Tuesday, February 07, 2006

Friendship

I have to say that Love is definately one God's best idea's. And I'm not just talking about love in the marriage sense, but in the family and friendship sense too. 'I love you' can be the most abused and misused phrases out there, but that's usually in the dating sense. But do we say it enough to our friends and family?

Now most of you that know me, know that I am Miss Mushy, I am very sentimental... The Cheese Queen! I seem to go from normal "Hi, how are you?" to out and out mushy "Aww sweety, I love you!", friends back home used to laugh at me, but I'm hoping they knew that I did mean it.

I sometimes wonder how important friendships should actually be. I know that as a body of believers we should be encouraging, supporting and loving each other. But how much does God want us to put a big emphasis on it??? Do we rely too much on out friends, do we trust them more than God, do we listen more to their wisdom instead of Gods word? I guess these are all questions I'm challenging myself with.

One thing that I am learning though, is that I can't be friends with everyone, there just isn't time. I love making friends, but it is so hard to make time to see everyone, doesn't that just SUCK! I know that Lindsay & I both have drifted from people that are/were important to us, and I know that as we get older we will all change and we will just naturally not see as much of different people, but it still makes me sad.

Is it weird to grieve for lost friendships?

7 comments:

Balaji said...

An interesting obeservation. It is not weird to grieve for lost friendships. But the knowledge that people move on and you also move on is a reality that one need to understand and accept and in one's life you will meet someone who will remain your lifelong friend and the number of such life long friends are generally very low. What we meet throughout our life are acquaintances and only some of them get the status of friends. That is entirely my opinion.

Anonymous said...

In terms of your question about relying on our friends more than we do on God:

I think that if you have friends who are also seeing after God, that He can totally speak through them to give us His wisdom in our situations. I think of one friend I have, who I know is in the Word constantly, and I know that his advice is solely based on God's wisdom.

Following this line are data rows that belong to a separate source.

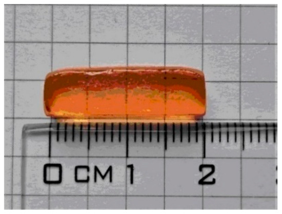 Melted 5 g sets of tellurite glasses (70TeO2-5XO-10P2O5-10ZnO-5PbF2, where X = Pb, Bi, Ti) were poured into a brass mold at a temperature of 330 °C. The samples were annealed at 320–340 °C for 2 h to remove any stresses developed in the material. Before starting the tests, the obtained glasses were carefully machined to form samples with geometrical parameters required for the measurement methods used. The nominal compositions of investigated glasses are summarized in Table 5. An example of tellurite glass after machining is shown in Figure 9. The sample is cylindrical in shape.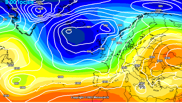 Nell’immagine la pressione in quota e al suolo prevista per domenica mattina (GFS by meteociel.fr)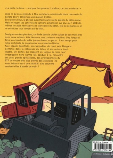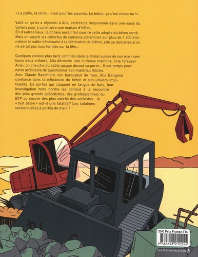 Béton, la fin d'une ère ? " La paille, la terre... c'est pour les pauvres. Le béton, ça c'est moderne ! " Voilà ce qu'on a répondu à Alia Bengana, architecte franco-algérienne missionnée dans une oasis du Sahara pour y construire une maison d'hôtes. En d'autres lieux, la phrase aurait fait sourire cette grande adepte du béton armé. Mais en voyant les cohortes de camions acheminer sur plus de 1200 kilomètres le sable nécessaire à la fabrication du béton, elle se demande si les architectes et l'industrie du bâtiment ne sont pas tombés sur la tête... Quelques années plus tard, près de leur chalet suisse où ils sont confinés avec leurs deux enfants, Alia et Claude découvrent une curieuse machine. Une foreuse ! Ainsi, on cherche du sable dans la région ? Un détail qui remet le sujet sur le tapis : il est temps pour notre architecte de questionner son matériau fétiche. Avec Claude, son baroudeur de mari, et l'appui de leur ami rédacteur en chef d'un magazine suisse, Alia s'enfonce dans la nébuleuse du béton et son univers impitoyable...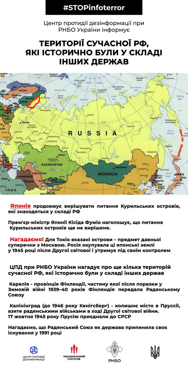 Для Токіо вказані острови – предмет давньої суперечки з Москвою. Росія окупувала ці японські землі у 1945 році після Другої світової і утримує під своїм контролем. ЦПД при РНБО України нагадує про ще кілька територій сучасної РФ, що історично були у складі інших держав.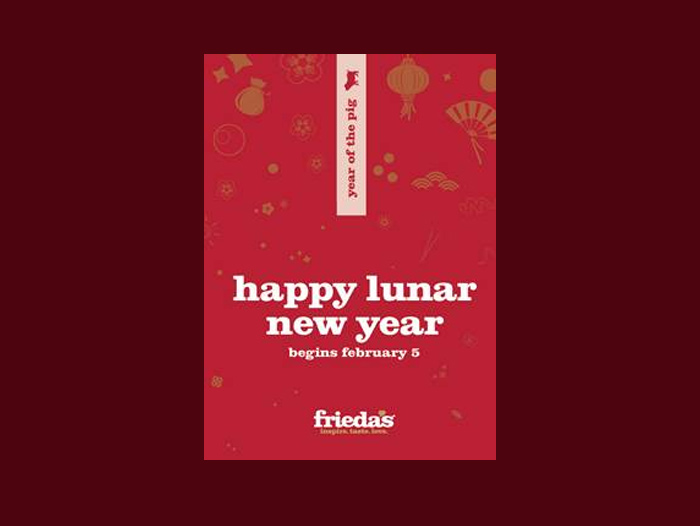 Los Alamitos, CA – With February fast approaching, the holiday traditionally celebrated as Chinese New Year is upon us. This year, Frieda’s is innovating to recognize it as Lunar New Year to be more inclusive of all Asian cultures that celebrate the holiday. This is a great opportunity to bring into your store shoppers who are familiar with or curious about Asian cuisine, while appealing to shoppers of all Asian descents. The Year of the Pig will begin on February 5 and be celebrated through February 19.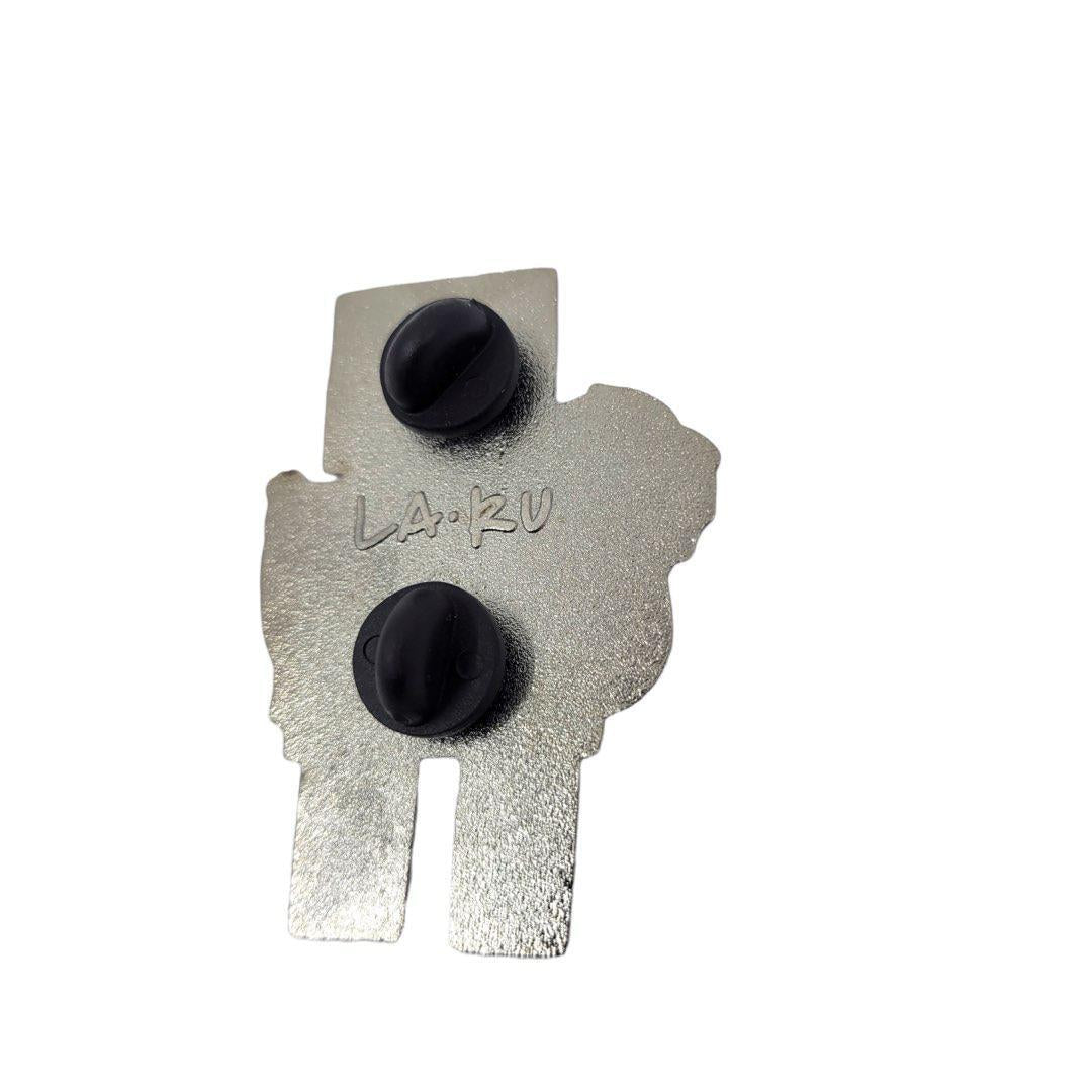 This hard enamel pin measures approximately 1 1/2in W x 2in H.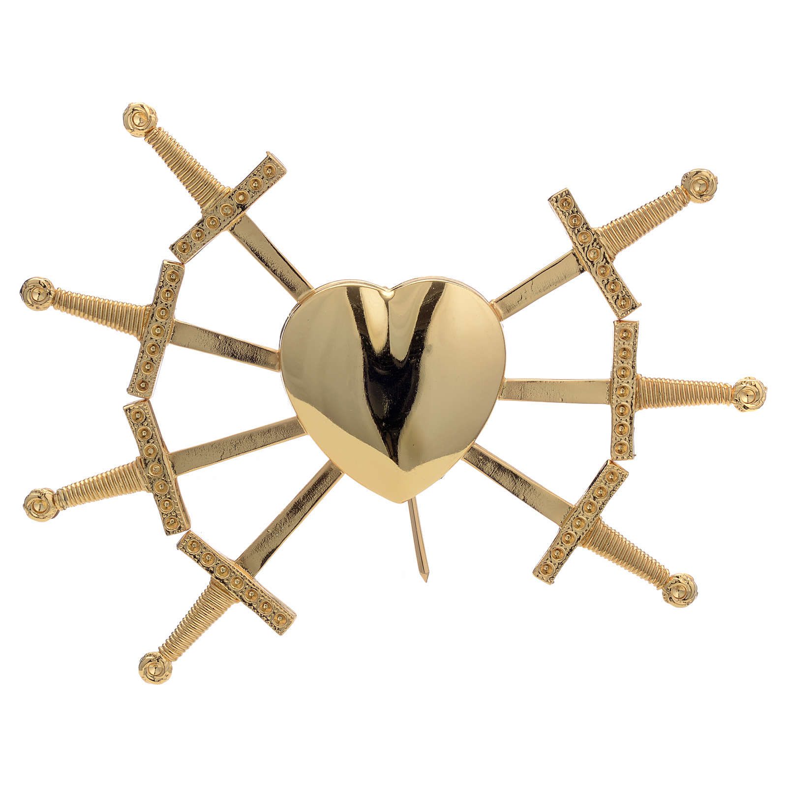 Serce z 7 mieczami mosiądz pozłacany 16 cm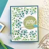 SA187A flower-filled stencil. It surrounds your stamped image with a radiating sweep of spring blossoms.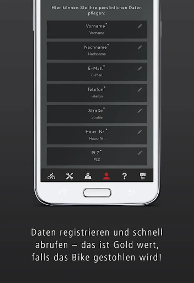 The app for wheels Fahrrad Manufaktur combines many advantages: Register via the app your bike in the bike vsf manufactory. If your bike has been stolen, you can quickly retrieve your personal data and the serial number of the bike in a PDF report for the police.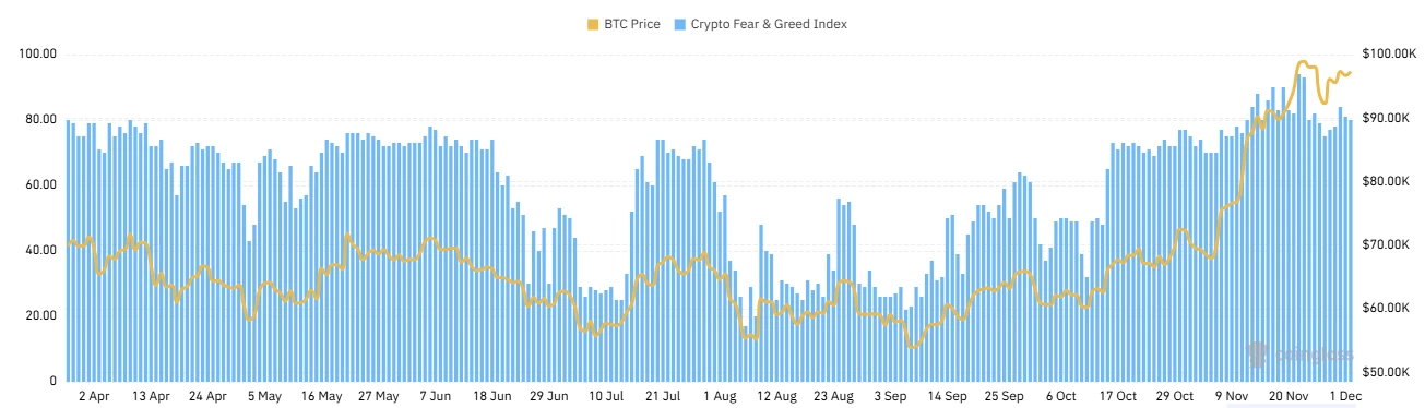 加密货币恐慌指数为 80 ,显示为贪婪。

This can't substitute for God's word and wisdom as I learn it directly from scripture for myself, but it can enhance that, shed new light on certain truths, and can be a tool God uses in my life.

LJE said...

(sorry, that anonymous comment was me - Lynette - I've met you a couple times through Allison, and I browse your blog every so often)

Allison said...

I don't think that it's wrong to grieve a lost friendship, nor to place a lot of trust and hope into a friendship. Of course, there needs to be balance, but God created us to need each other and He wants us to care and comfort one another.
And I want to have lunch with you sometime soon - maybe Friday?

sparkles said...

It is so so so so so not weird to grieve for lost friendships or any other kind of loss. For example, change of any kind is a loss. I've been learning that on my course - and it makes sooo much sense.

Helsalata said...

I love that aspect of your personality that you say "I love you!"- it's a real boost and a blessing!

It is sad when you lose touch with friends but lovely when you come across their blog and can pick it all up again!

Anonymous said...

Yeah, I've been learning that it really is okay to grieve loss of friendships - trying to see that God brings people in and out of our lives many times for just a season, or for a certain reason.